### PROBLEM TO SOLVE:
An exact, picture-free copy of the listing is required.

### INFORMATION PROVIDED:
--
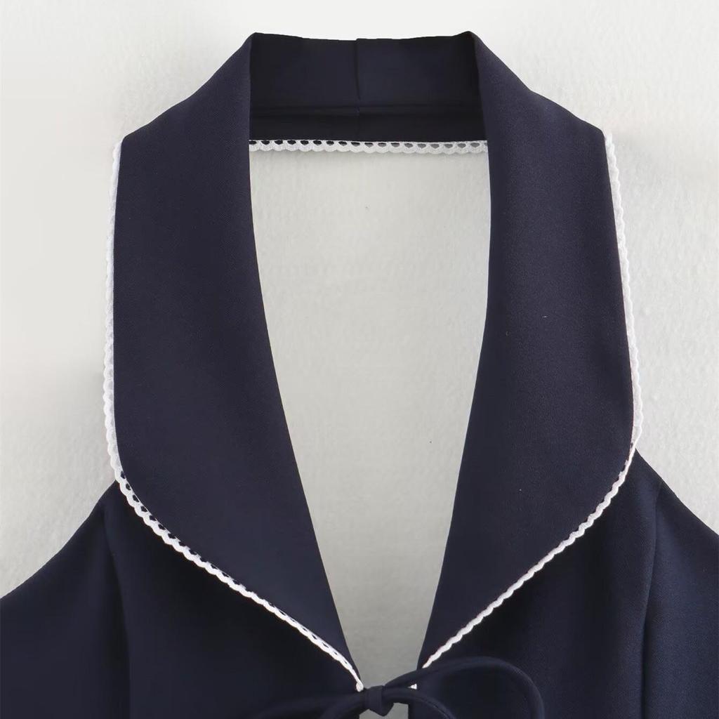 Весна 2025 Женский милый топ-халтер с открытой спиной, бантом и пэчворк V-образным вырезом
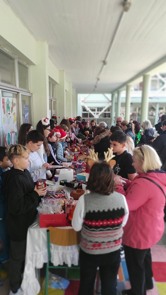 «Πελάτες» συμμαθητές και μαμάδες-μπαμπάδες απ’ όλες τις τάξεις: Γλυκίσματα, κέικ, βραχιολάκια, ζωγραφισμένα μπουκάλια και ξύλα, φυτά-γούρια, μπρελόκ κ.α. όμορφες κατασκευές γέμισαν τους πάγκους στο προαύλιο του Σχολείου και σε μια ώρα… ξεπούλησαν!
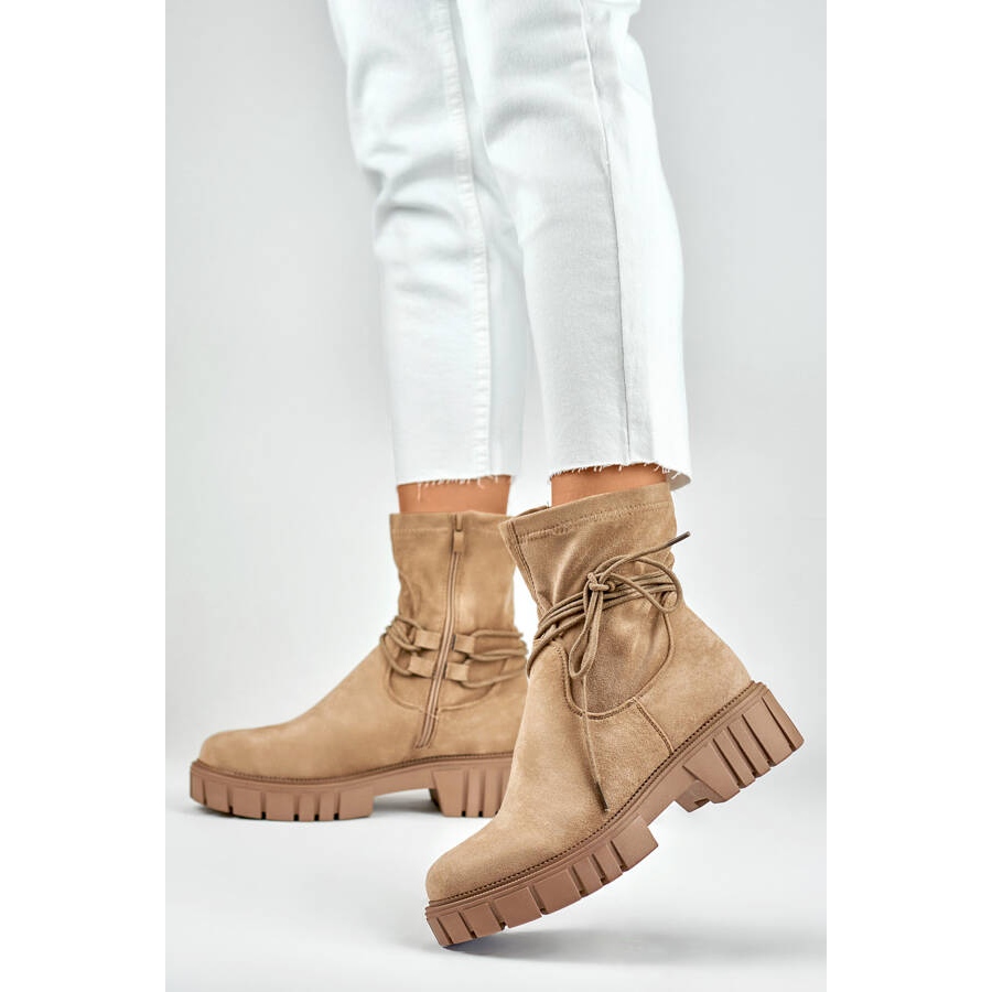 Details: Damen-Stiefeletten mit elastischem Schnür-Obermaterial, beige DE1127NU
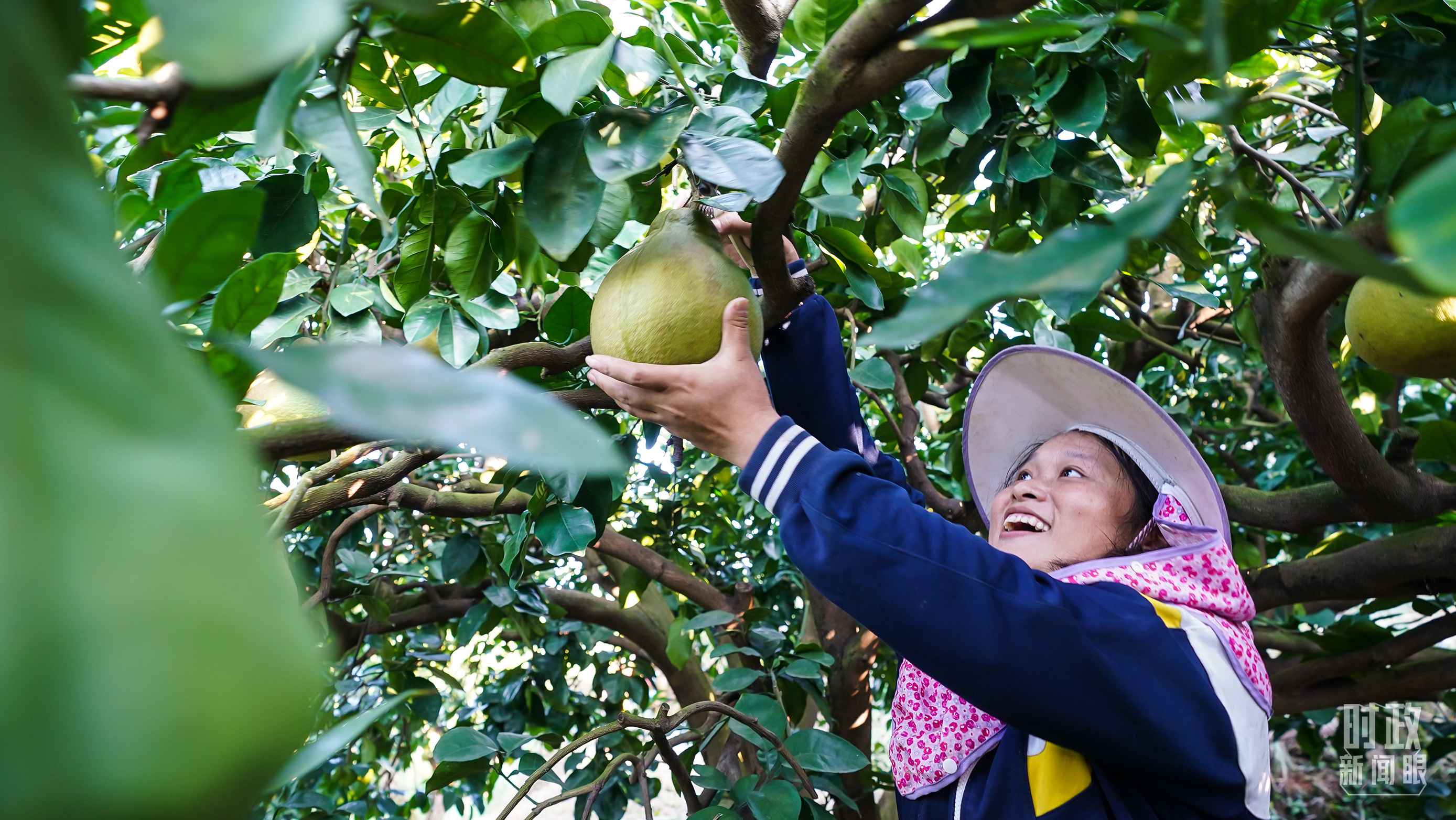 △南福村黃澄澄的柚子掛滿枝頭。(總臺(tái)央視記者鄂介甫拍攝)
--
### WORKED SOLUTION:
 Весна 2025 Женский милый топ-халтер с открытой спиной, бантом и пэчворк V-образным вырезом
 «Πελάτες» συμμαθητές και μαμάδες-μπαμπάδες απ’ όλες τις τάξεις: Γλυκίσματα, κέικ, βραχιολάκια, ζωγραφισμένα μπουκάλια και ξύλα, φυτά-γούρια, μπρελόκ κ.α. όμορφες κατασκευές γέμισαν τους πάγκους στο προαύλιο του Σχολείου και σε μια ώρα… ξεπούλησαν!
 Details: Damen-Stiefeletten mit elastischem Schnür-Obermaterial, beige DE1127NU
 △南福村黃澄澄的柚子掛滿枝頭。(總臺(tái)央視記者鄂介甫拍攝)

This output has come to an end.